■ Task goal ■
Without changing a word, repeat the data, and include no pictures.

■ Entries provided ■
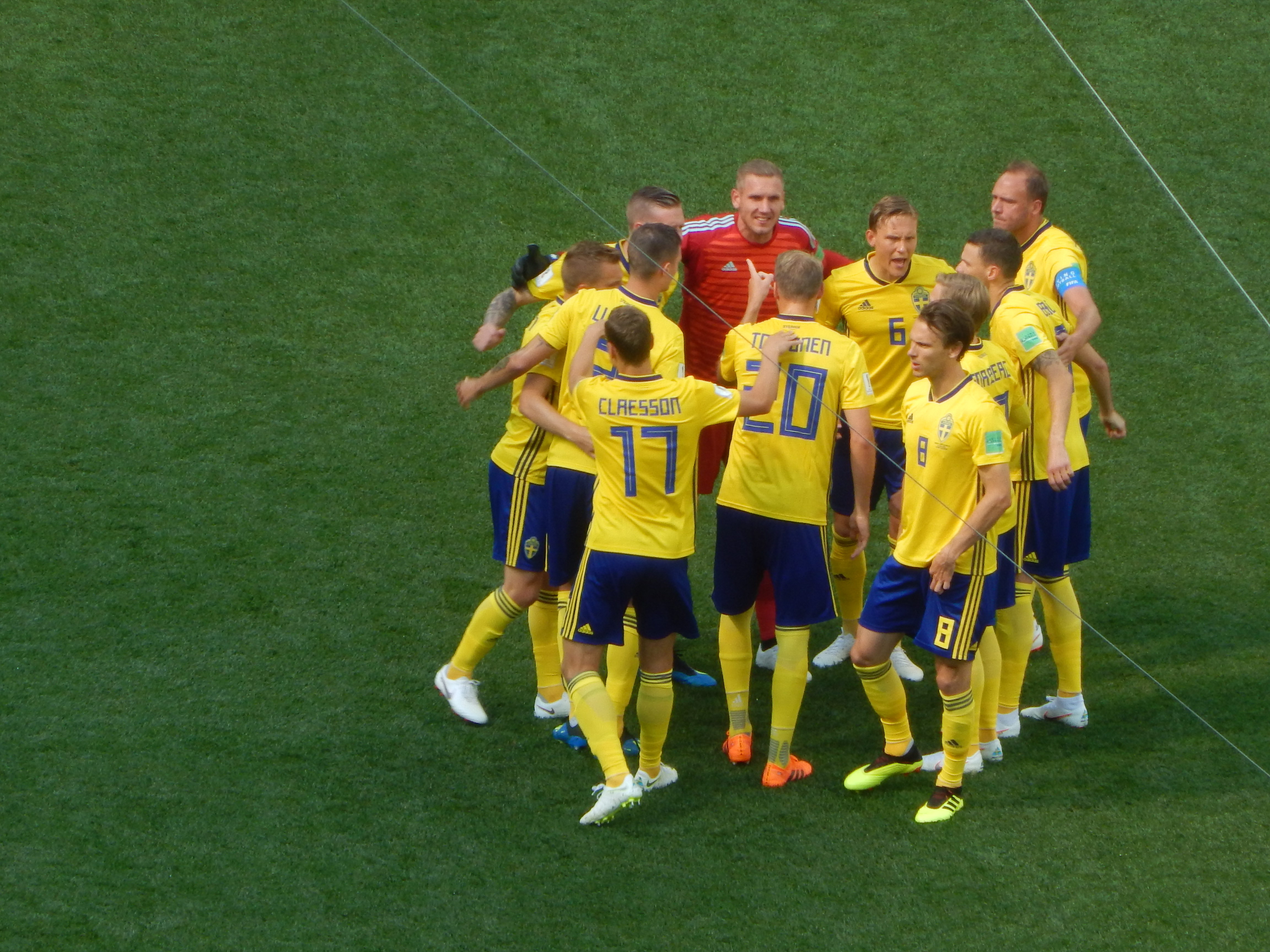 2018 FIFA World Cup - Group F - KOR v SWE
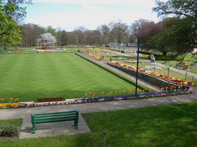 Jubilee Gardens, Spennymoor A very attractive park, opened to commemorate Queen Victoria's Golden Jubilee.
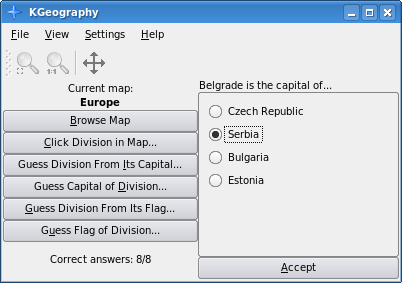 Kgeography "Guess Division From Its Capital" mode
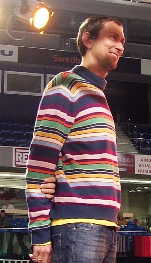 Aldo Järvsoo (born 1976) is a fashion designer from Estonia.
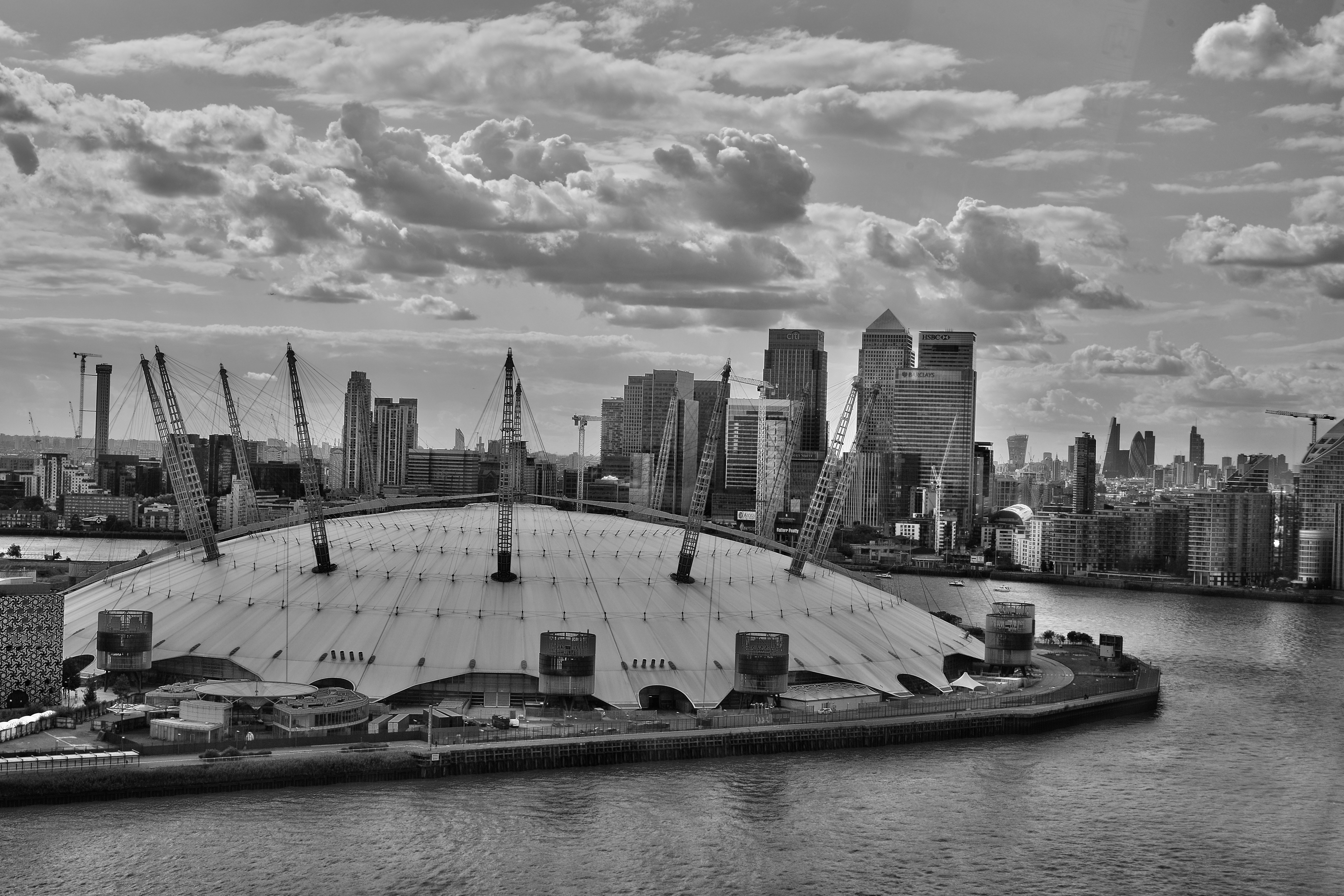 O2 with Canary Wharf and City of London
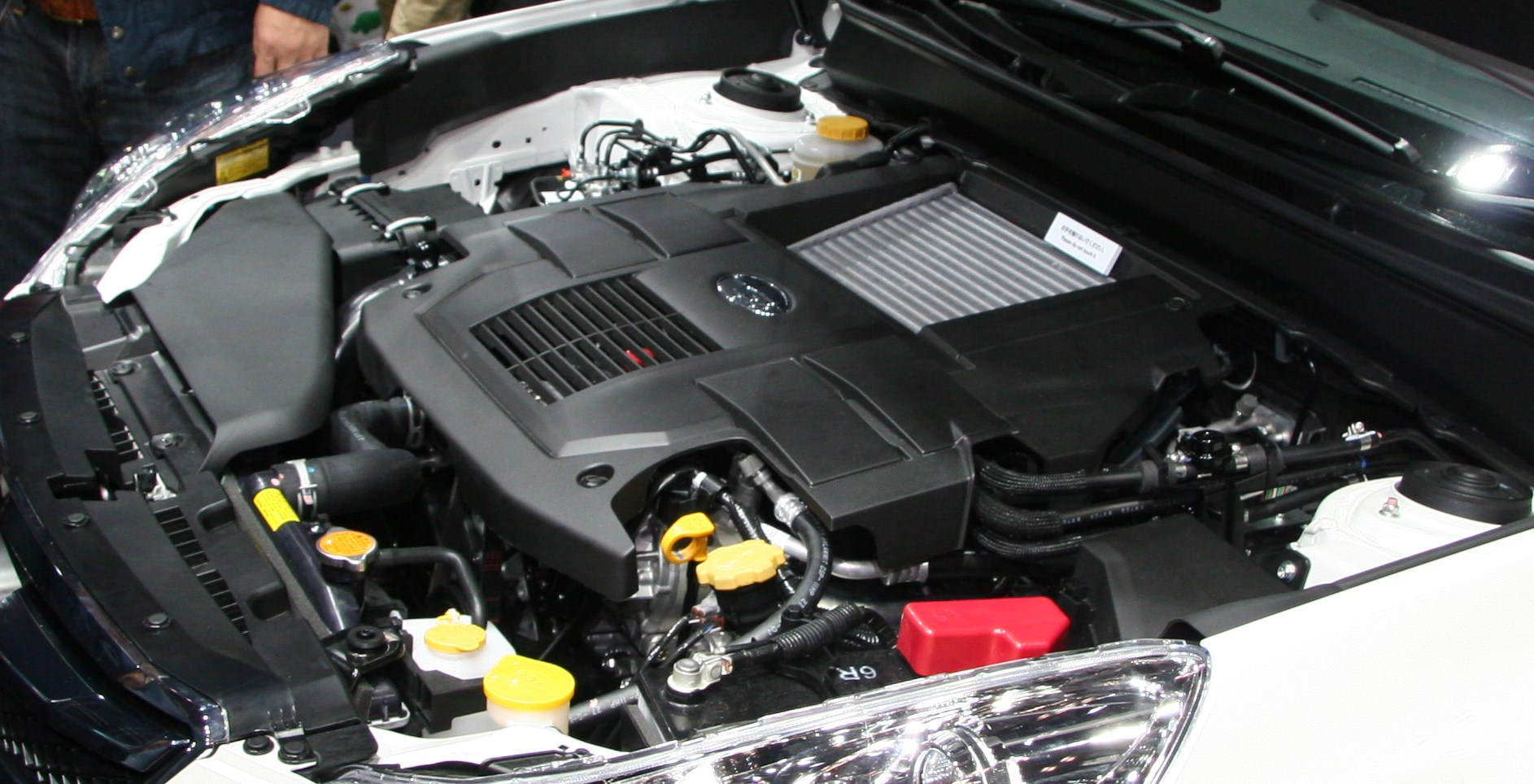 Subaru Legacy B4

■ Response ■
 2018 FIFA World Cup - Group F - KOR v SWE
 Jubilee Gardens, Spennymoor A very attractive park, opened to commemorate Queen Victoria's Golden Jubilee.
 Kgeography "Guess Division From Its Capital" mode
 Aldo Järvsoo (born 1976) is a fashion designer from Estonia.
 O2 with Canary Wharf and City of London
 Subaru Legacy B4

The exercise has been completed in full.